Cardiff is in Cardiff, UK. King's College London (KCL) is in London, UK. Tuition is £9,250/year at both for UK home applicants; the main cost difference is accommodation (London accommodation typically runs 30-50% above the national average).

Cardiff typically releases medicine decisions March onwards. King's College London (KCL) releases medicine decisions March onwards. If one is earlier than the other, you may need to hold a decision while waiting for the second school — be ready to compare in real time.
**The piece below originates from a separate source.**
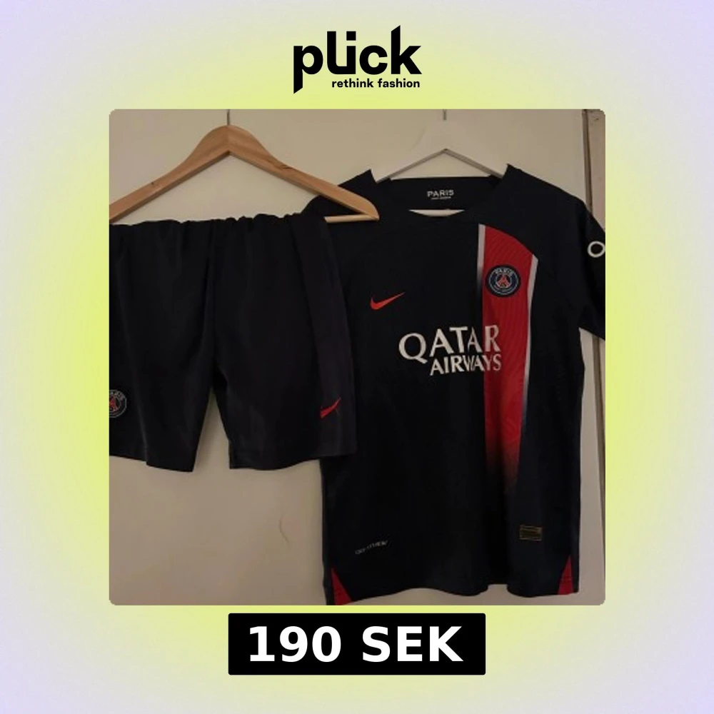 Säljer ett PSG matchställ från Nike med kortärmad tröja och shorts. Tröjan är marinblå med röd och vit rand längs framsidan, PSG-logga på bröstet och Qatar Airways tryck. Materialet är lätt och andas, perfekt för träning eller match.

You can — UCAS allows 4 medicine/dentistry choices in total, so listing both is feasible if your profile fits each school's selection algorithm. Apply to both only if your UCAT, GCSE and predicted-grade profile is competitive against each school's published weighting. A common mistake is using two of your four slots on similar schools when a more spread-out portfolio (one safe + one stretch) would maximise overall offer probability.